Can AI Read Minds? LLM Failures in Common Sense and Cognition

Can AI Read Minds? LLM Failures in Common Sense and Cognition
Humans know that dropped objects fall. We know that if someone leaves a room and the furniture gets rearranged, they will look where they left things, not where things actually are. We know that when a fact gets updated, we should remember the new version.
All of this comes from living in a physical body and navigating the world. LLMs learn from text alone. They have read "objects fall due to gravity" thousands of times, but they have never dropped anything.

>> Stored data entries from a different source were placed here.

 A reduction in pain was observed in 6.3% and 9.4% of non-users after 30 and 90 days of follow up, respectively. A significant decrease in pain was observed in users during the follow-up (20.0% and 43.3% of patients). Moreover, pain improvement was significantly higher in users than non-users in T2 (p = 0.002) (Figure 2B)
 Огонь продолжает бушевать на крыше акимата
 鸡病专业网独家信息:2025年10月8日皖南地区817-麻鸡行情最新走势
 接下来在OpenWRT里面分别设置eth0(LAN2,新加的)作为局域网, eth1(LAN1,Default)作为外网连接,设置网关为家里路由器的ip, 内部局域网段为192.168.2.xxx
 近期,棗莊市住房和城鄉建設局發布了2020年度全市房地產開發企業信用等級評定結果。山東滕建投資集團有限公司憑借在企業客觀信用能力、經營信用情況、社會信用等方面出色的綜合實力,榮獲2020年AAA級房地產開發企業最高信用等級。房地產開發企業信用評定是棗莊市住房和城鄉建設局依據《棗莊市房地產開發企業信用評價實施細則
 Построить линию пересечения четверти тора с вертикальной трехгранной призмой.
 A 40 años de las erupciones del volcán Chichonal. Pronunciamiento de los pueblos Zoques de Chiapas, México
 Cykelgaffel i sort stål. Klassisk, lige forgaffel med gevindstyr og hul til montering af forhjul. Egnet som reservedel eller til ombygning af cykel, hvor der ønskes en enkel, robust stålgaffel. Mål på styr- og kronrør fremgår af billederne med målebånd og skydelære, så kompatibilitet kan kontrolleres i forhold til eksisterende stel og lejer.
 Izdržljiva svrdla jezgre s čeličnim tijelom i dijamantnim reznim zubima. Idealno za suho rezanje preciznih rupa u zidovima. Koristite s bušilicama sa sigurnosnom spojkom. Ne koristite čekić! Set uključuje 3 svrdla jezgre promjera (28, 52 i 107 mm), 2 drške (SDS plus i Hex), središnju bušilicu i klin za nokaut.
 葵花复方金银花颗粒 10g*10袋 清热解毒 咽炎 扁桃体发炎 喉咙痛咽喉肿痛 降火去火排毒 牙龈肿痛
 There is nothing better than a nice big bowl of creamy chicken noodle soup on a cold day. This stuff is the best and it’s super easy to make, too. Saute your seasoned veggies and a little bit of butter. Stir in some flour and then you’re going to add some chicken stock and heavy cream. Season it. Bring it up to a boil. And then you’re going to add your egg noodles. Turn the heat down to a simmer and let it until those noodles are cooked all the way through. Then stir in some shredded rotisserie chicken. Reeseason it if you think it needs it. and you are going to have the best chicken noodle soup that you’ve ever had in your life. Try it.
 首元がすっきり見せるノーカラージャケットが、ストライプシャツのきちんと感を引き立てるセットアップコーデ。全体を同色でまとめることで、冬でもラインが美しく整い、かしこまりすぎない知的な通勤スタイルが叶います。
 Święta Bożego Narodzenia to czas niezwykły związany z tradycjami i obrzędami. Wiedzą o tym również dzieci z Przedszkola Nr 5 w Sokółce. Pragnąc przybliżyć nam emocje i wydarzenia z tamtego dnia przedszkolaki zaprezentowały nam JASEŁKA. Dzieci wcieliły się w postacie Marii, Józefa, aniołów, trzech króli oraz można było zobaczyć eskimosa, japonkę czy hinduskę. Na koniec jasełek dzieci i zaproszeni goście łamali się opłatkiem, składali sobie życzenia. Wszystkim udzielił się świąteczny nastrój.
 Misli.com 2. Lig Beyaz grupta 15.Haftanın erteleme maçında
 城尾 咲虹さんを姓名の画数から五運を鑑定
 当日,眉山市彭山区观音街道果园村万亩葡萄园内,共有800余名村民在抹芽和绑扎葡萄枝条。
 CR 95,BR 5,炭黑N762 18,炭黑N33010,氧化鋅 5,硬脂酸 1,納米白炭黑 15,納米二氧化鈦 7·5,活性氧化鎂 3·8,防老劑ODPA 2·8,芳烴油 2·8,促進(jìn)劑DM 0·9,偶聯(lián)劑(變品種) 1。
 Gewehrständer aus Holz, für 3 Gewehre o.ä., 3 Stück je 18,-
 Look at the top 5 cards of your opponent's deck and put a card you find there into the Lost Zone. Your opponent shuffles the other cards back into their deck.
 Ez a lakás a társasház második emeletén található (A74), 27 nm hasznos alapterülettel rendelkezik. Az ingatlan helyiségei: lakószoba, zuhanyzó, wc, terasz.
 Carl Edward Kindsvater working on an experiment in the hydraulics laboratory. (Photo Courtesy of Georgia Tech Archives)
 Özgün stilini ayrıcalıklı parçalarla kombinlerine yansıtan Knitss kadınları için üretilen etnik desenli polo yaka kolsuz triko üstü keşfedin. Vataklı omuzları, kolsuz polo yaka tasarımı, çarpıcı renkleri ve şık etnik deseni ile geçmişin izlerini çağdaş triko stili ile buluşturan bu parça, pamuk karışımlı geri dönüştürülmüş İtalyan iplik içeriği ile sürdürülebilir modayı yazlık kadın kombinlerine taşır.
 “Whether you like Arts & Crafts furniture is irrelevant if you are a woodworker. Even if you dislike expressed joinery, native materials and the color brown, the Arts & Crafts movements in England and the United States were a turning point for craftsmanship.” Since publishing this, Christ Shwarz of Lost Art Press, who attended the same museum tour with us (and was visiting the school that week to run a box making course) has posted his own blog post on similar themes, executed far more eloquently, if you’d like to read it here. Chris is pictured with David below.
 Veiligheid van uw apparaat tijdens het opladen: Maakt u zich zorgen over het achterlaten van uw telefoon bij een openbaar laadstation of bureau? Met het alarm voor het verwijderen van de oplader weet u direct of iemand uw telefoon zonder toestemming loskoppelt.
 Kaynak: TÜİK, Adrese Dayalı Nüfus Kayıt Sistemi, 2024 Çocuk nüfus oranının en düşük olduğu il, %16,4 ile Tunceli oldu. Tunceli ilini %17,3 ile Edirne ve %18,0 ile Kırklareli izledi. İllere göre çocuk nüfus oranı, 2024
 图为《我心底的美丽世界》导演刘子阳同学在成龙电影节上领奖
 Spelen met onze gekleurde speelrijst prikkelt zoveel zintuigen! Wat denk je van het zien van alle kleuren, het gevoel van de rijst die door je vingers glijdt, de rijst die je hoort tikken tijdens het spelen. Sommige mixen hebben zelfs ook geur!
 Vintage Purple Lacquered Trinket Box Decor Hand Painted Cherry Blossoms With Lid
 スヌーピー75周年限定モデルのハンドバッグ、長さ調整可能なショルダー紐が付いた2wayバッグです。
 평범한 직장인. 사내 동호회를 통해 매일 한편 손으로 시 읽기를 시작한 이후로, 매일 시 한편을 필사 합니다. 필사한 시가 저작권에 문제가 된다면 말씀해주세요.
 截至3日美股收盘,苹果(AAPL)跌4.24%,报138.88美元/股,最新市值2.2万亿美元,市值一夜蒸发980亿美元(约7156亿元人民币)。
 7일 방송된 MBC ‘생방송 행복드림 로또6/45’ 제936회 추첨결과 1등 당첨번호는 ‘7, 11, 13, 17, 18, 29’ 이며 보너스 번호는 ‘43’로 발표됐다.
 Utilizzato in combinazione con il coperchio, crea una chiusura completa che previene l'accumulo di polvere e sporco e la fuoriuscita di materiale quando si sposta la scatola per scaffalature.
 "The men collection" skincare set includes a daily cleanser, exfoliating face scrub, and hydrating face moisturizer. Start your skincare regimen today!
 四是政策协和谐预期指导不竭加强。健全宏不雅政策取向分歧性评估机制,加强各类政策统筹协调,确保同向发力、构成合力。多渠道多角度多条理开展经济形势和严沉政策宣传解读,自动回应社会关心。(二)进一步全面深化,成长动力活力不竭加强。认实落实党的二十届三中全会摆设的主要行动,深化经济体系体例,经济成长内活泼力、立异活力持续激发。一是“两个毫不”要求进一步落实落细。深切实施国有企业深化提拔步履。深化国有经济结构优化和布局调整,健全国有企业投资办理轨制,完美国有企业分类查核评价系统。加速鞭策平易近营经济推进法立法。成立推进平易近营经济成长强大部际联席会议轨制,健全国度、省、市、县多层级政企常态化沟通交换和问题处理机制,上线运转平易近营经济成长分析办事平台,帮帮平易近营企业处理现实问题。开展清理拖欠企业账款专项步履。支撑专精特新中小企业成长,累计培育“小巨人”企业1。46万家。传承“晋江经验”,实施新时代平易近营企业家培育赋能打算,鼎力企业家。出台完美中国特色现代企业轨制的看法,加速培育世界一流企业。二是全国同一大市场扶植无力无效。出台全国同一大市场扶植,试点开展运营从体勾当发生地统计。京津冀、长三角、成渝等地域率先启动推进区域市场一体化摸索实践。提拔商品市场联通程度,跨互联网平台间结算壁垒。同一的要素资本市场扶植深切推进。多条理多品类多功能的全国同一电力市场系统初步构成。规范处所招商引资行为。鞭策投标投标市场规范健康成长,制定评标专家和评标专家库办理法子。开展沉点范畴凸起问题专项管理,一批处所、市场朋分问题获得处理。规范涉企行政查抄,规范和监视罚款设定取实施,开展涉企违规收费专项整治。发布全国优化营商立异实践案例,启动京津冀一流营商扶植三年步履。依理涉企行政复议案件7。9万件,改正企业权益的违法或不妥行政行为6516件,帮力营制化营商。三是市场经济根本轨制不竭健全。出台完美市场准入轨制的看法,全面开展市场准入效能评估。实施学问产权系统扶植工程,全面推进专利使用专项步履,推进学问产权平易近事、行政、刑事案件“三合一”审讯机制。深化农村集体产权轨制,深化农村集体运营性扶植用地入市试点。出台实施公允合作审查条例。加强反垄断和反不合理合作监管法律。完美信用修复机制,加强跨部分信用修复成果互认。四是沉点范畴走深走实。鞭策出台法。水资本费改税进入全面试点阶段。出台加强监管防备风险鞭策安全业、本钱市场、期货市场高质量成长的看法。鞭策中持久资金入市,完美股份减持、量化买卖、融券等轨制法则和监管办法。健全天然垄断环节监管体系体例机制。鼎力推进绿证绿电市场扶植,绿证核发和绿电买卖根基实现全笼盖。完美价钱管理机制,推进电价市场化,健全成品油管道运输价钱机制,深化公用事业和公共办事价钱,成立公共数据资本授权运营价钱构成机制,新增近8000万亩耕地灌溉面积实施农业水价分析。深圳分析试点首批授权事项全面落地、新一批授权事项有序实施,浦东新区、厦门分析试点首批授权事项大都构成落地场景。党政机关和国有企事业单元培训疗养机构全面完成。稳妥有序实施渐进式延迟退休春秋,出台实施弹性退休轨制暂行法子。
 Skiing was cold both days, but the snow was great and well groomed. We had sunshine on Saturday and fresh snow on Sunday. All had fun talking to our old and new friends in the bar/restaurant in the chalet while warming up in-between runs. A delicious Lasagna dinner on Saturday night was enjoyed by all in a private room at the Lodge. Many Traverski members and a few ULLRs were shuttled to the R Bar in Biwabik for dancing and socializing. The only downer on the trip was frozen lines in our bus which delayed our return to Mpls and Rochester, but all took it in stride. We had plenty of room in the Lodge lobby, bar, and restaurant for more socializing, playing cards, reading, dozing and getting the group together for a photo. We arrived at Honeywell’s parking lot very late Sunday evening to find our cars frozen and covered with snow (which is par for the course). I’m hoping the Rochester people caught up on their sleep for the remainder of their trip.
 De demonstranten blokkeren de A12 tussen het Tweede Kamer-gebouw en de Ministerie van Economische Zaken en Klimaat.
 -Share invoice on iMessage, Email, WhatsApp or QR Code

This is Part 3 of the LLM Reasoning Failures series, covering three tests in common sense and cognition:
- Theory of Mind (ToM): Can models track what others believe?
- Physical Common Sense: Can models handle counter-intuitive physics?
- Working Memory: Can models track fact updates without reverting?
We tested 7 models: GPT-4o, GPT-4o-mini, o3-mini, Claude Sonnet 4.5, Claude Haiku 4.5, Gemini 2.5 Flash, and Gemini 2.5 Flash-Lite.
Theory of Mind: From Sally-Anne to 3rd-Order Beliefs
What Is Theory of Mind?
Theory of Mind (ToM) is the ability to understand that others can hold beliefs different from your own. The classic test is the Sally-Anne paradigm from developmental psychology.
Sally places a marble in a basket and leaves the room. Anne moves the marble to a box. When Sally returns, where will she look first?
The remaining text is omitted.